EMISSIONI? NON CI INTERESSANO Dopo aver puntualizzato che i veicoli del gruppo FCA sono stati misurati sì nei laboratori dell'Azienda ma le misure sono state effettuate alla presenza di funzionari del MIT e che si tratta comunque di laboratori certificati ISO 17025, si arriva alla parte “calda” della risposta, quella citata nel primo paragrafo. Essa si completa con queste parole: “Ogni ulteriore ciclo di prova effettuato nel corso dei test di cui al rapporto in argomento è finalizzato esclusivamente alla individuazione della presenza o meno di eventuali impianti di manipolazione delle emissioni vietati dalla normativa (atti al riconoscimento della prova di omologazione su banco a rulli)”. In pratica si dice che si è interessati soltanto alla presenza o meno del defeat device, anche se le emissioni in altri cicli che non siano il “NDEC freddo” sono notevolmente più alte rispetto al consentito.
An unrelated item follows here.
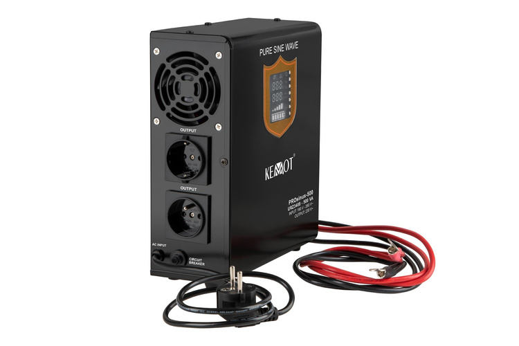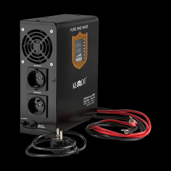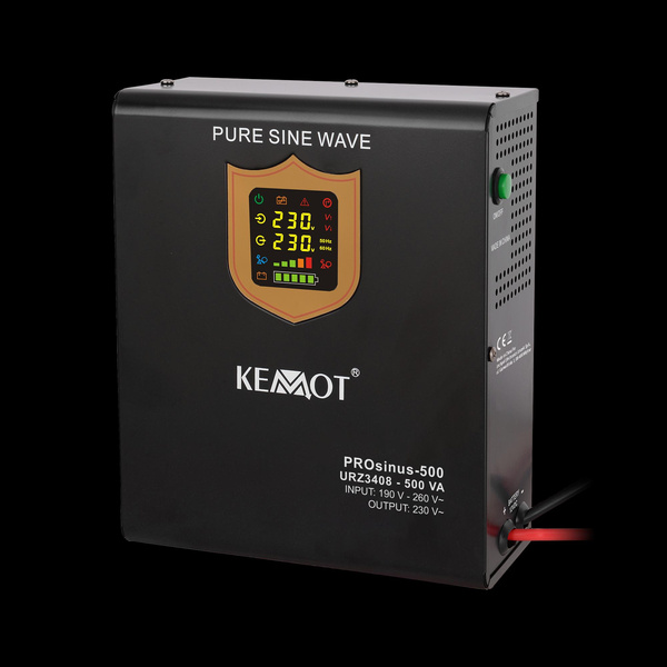 Zasilacz awaryjny naścienny KEMOT PROsinus-500 przetwornica z czystym przebiegiem sinusoidalnym i funkcją ładowania 12V 230V 500VA/300W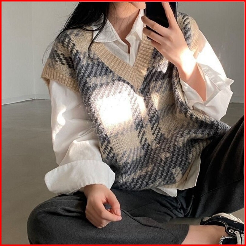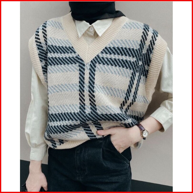 Que Premium Woman Winter Autumn Knit Vest Outerwear Knitwear Rompi Rajut Wanita Musim Dingin

La Spessotto, come prevedibile, “si dichiara fortemente contrariata dalla colpevole inerzia del Governo che non ha finora avviato alcuna iniziativa né volta a tutelare la salute dei cittadini né idonea a garantire adeguati indennizzi per i danni patrimoniali subiti, a differenza di quanto avvenuto negli Stati Uniti”.

FUMATRICI ACCANITE Il sempre ben informato Sole 24Ore è riuscito a visionare i risultati dei test finora effettuati (macano all'appello 3 Renault e 8 VW) , quelli inviati alla Comunità Europea (alla Commissione EMIS, leggi come il Movimento 5 Stelle attacca Fiat e il Ministero), e i valori rilevati ci parlano di universi paralleli. Ricordiamo che Il Cnr era stato incaricato, dalla Motorizzazione nel novembre 2015 (leggi di come le Case tremavano in attesa dei controlli del Ministero), di «studiare il comportamento emissivo degli NOx dei diesel Euro 5 (altri Paesi hanno testato anche vetture Euro 6) per stabilire se fossero presenti dispositivi come il defeat device e di misurare le emissioni nell'uso reale dei veicoli confrontandole con i livelli misurati durante i test di omologazione, anche nel caso di presenza non di defeat device ma di strategie di controllo delle emissioni consentite dalla normativa e finalizzate alla protezione del motore”. Le prove non-NEDC di laboratorio erano cicli NEDC a fasi invertite e a motore caldo mentre quelle su strada replicavano le condizioni dei test sui rulli. Tutti i modelli provati finora rimanevano entro i limiti nei test NEDC canonici ma quasi tutti “sbarellavano” già con il semplice NEDC a caldo: a rimanere nei limiti erano soltanto la Astra, la 118d, la S-Max, la Classe E e la CLA, con la Tiguan che sforava di poco. La peggiore, con più di 500 mg/km, è stata la Cherokee, seguita dalla 500L e dalla Focus; ben sopra i limiti Panda, Giulietta, Doblò e Y. Nel report si evidenziavano due tipi di comportamento emissivo: c'era infatti chi sforava a motore caldo (temperatura dell'olio superiore a 80 gradi Celsius) e chi in presenza di temperature dell'aria superiori a 30 °C. Le thermal window sono fra noi? Un ulteriore ciclo di guida reale, il dinamico Urban caratterizzato da accelerazioni e quindi carichi intensi, ha infine indotto elevate emissioni di NOx in tutte le auto testate. Con questi presupposti le Case dovranno lavorare parecchio per rientrare nei limiti e forse l'unica via per uscirne sarà l'adozione di powertrain ibridi che limitino i carichi del diesel in accelerazione grazie al contributo dell'elettrico.